YOUR TASK
Reproduce the whole listing below without its pictures, exactly as written.

DATA BELOW
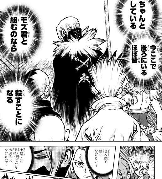 千空側についた氷月に、モズは本気を出して氷月に戦闘を挑みます。本気を出したモズは氷月すら圧倒し、あっという間に氷月はモズに追い込まれてしまいます。一方、キリサメと合流したイバラは、石化装置を使って島全体を石化光線で包む作戦をキリサメに伝えます。すると、石化光線の力を広範囲に乱用する事に反対のキリサメは、イバラにこの作戦は本当に頭首の意思なのか、を確認します。
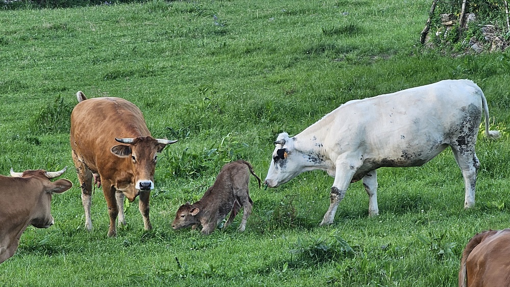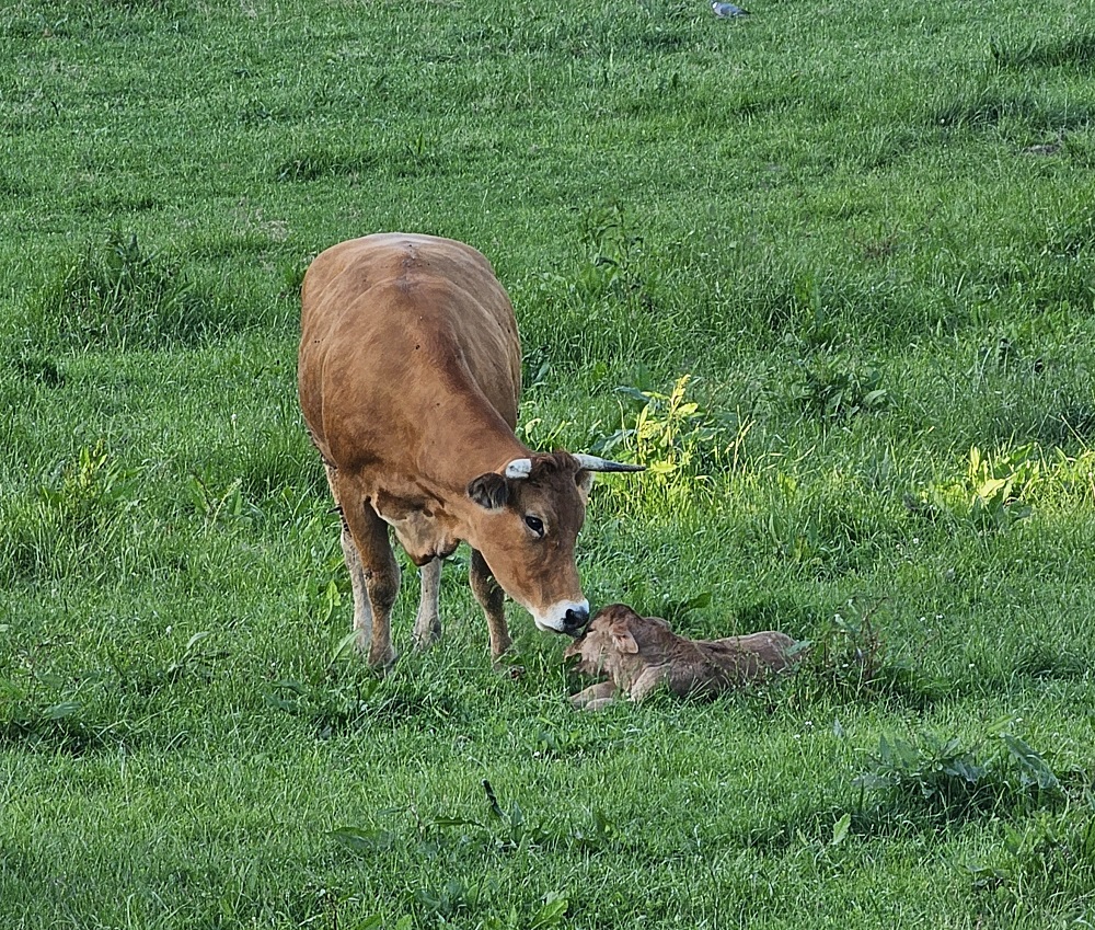 We saw 20 dairy cows walking down the road from the barn to a pasture, 10 goats being called by a farmer heading to the barn and the highlight of the evening was one of the cows gave birth in the field this evening! What a day!
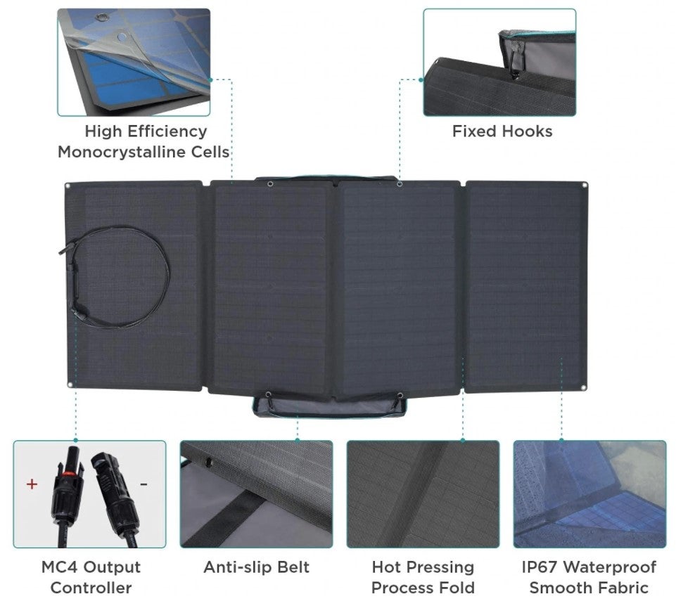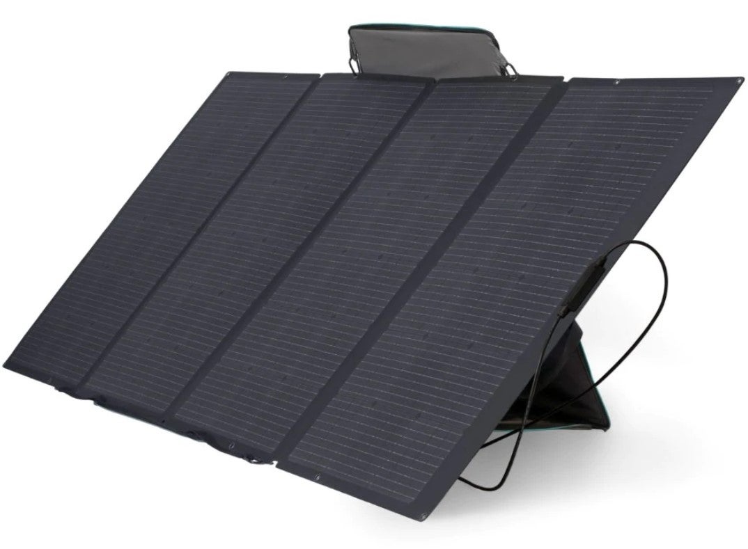 EcoFlow 400W Solar Panel eli kannettava aurinkopaneeli erityisesti MC4 ja XT60 liitäntää käyttävien akkujen lataamiseen. Tämä on siis yhteensopiva kaikkien Ecoflow-virtalähteiden kanssa. Paneeleita on mahdollista ketjuttaa. Isommat laitteet kuten Ecoflow Delta -sarja tukevat max kahta näin isoa paneelia ja pienempi River-sarja yhtä. HUOM varmista aina, että liitettävä laite voi ottaa vastaan 400W tehoa. Esim uusin Ecoflow Delta MAX ja delta Pro tukevat XT60 liitännän kautta 800W tehoa, joten näitä voi olla ketjutettuna 2 kpl.

TASK OUTPUT
 千空側についた氷月に、モズは本気を出して氷月に戦闘を挑みます。本気を出したモズは氷月すら圧倒し、あっという間に氷月はモズに追い込まれてしまいます。一方、キリサメと合流したイバラは、石化装置を使って島全体を石化光線で包む作戦をキリサメに伝えます。すると、石化光線の力を広範囲に乱用する事に反対のキリサメは、イバラにこの作戦は本当に頭首の意思なのか、を確認します。
 We saw 20 dairy cows walking down the road from the barn to a pasture, 10 goats being called by a farmer heading to the barn and the highlight of the evening was one of the cows gave birth in the field this evening! What a day!
 EcoFlow 400W Solar Panel eli kannettava aurinkopaneeli erityisesti MC4 ja XT60 liitäntää käyttävien akkujen lataamiseen. Tämä on siis yhteensopiva kaikkien Ecoflow-virtalähteiden kanssa. Paneeleita on mahdollista ketjuttaa. Isommat laitteet kuten Ecoflow Delta -sarja tukevat max kahta näin isoa paneelia ja pienempi River-sarja yhtä. HUOM varmista aina, että liitettävä laite voi ottaa vastaan 400W tehoa. Esim uusin Ecoflow Delta MAX ja delta Pro tukevat XT60 liitännän kautta 800W tehoa, joten näitä voi olla ketjutettuna 2 kpl.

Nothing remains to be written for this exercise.